GLENS FALLS, N.Y. - Sometimes to save affordable housing, developers have to tear it down. That’s what happened to the dilapidated, crime-ridden Henry Hudson Apartments, which were torn to splinters by bulldozers to make way for Village Green Apartments, a new affordable housing complex on the same site.

Evergreen Partners, LLC, and Marathon Development Group, Ltd., kept federal subsidies flowing to the old affordable housing project even as they demolished the buildings. The 136 new townhouse apartments, all reserved for lowincome households and subsidized with project-based Sec. 8 vouchers, are replacing 136 crumbling apartments originally built in 1973 under the Sec. 236 program administered by the Department of Housing and Urban Development (HUD).

The developers’ unique plan saved the project from foreclosure. Preserving affordable housing usually means fixing up old apartments to keep a stream of HUD subsidies flowing.

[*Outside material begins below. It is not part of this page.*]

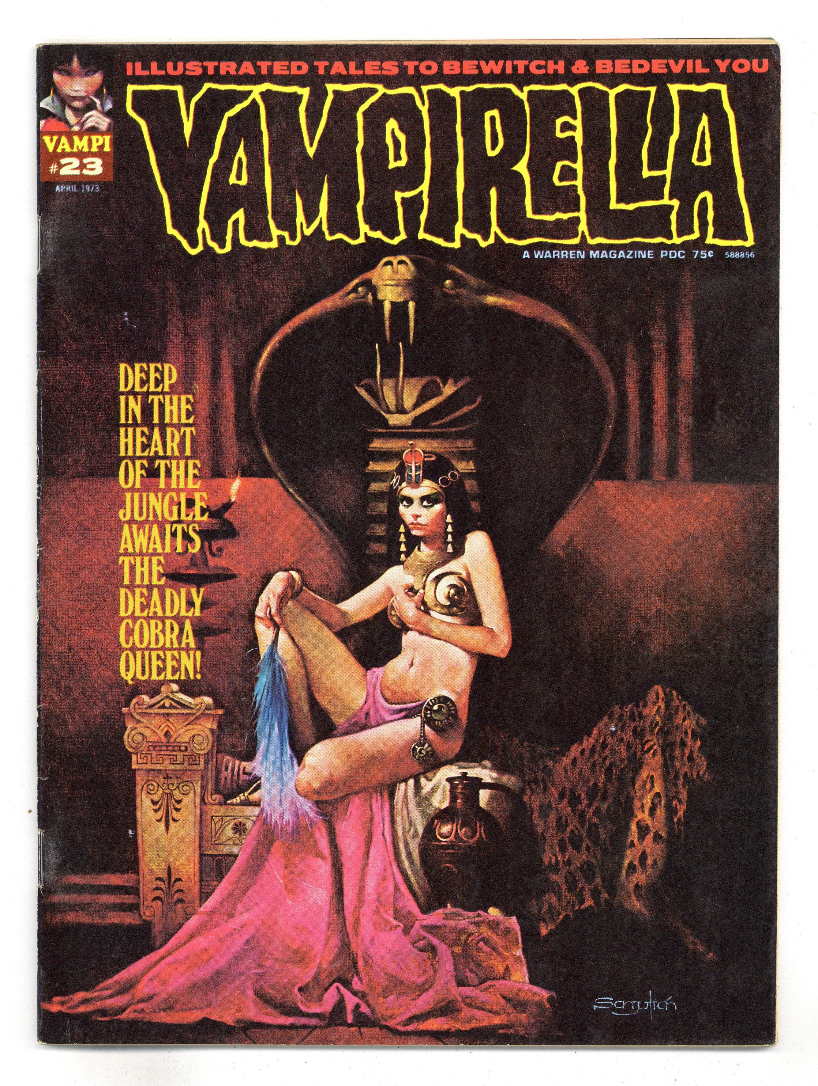 Stories in this issue include: "Queen of Bayou Parish" (starring Vampirella); "Cobra Queen"; "Call it Companionship"; "The Accursed"; "Witch's Promise"; and "Won't Eddie Ever Learn?" Written by Gerry Boudreau, Steve Englehart, Don Glut, Kevin Pagan, Steve Skeates, and Jim Stenstrum. Art by Auraleon, Jose Bea, Jose Gonzalez, Esteban Maroto, Felix Mas, and Ramon Torrents. Cover art by Manuel Sanjulian. Cover price $0.75. Grade: VG/FN 5.0 explanation of grade Condition: Used (collectible)

But shoddy insulation, inefficient electric heating, and decades of less-than-attentive management made Henry Hudson much too expensive to rehabilitate.

Demolition and redevelopment were also costly options. “Our initial thought was we would never assemble enough money,” said Charles Allen, principal for Evergreen. In 2006, the developers won an enormous $20 million reservation of lowincome housing tax credits—four times larger than the median tax credit award in New York in 2006.

With this large tax credit reservation, the developers thought they’d cleared their biggest hurdle. But their troubles had only just begun.

Local opposition delayed the project for more than a year. A new mayor demanded that the redevelopment locate its new apartments on an underutilized park on the outskirts of town in early 2006. Other planning officials opposed even that much preservation and seemed to be waiting for HUD to shut down the apartments, which had failed several HUD inspections and owed the agency $110,000 in overdue mortgage payments, said Allen.

HUD officials saved the project with their support, Allen said. The agency made it clear to local officials that even if HUD foreclosed, the apartments would remain affordable housing.

Planning officials finally allowed the redevelopment of all 136 apartments on the original site to begin in August 2007 after delays added nearly $1 million to the project costs, including $750,000 in extra financing costs. The first apartments were finished in March, with the last units expected to open by this December.

The developers financed the $29.4 million redevelopment with $19.5 million in equity from the sale of tax credits to First Sterling Financial, Inc. The New York State Housing Finance Agency (HFA) provided a $3.4 million, 30-year loan. HFA and the New York State Division of Housing and Community Renewal also provided $4.3 million in soft financing. Another $1.7 million came from the deferral of the developers’ $3.6 million fee.

Local officials have become enthusiastic as construction proceeds. A new property management team has made the property, which has been more than twothirds occupied throughout the process, a safer place to live. The team has worked closely with police and earned the trust of residents, who are willing to identify and remove tenants breaking the law. By April, the number of calls to the police from the property was less than a third of what it was the year before, said Allen.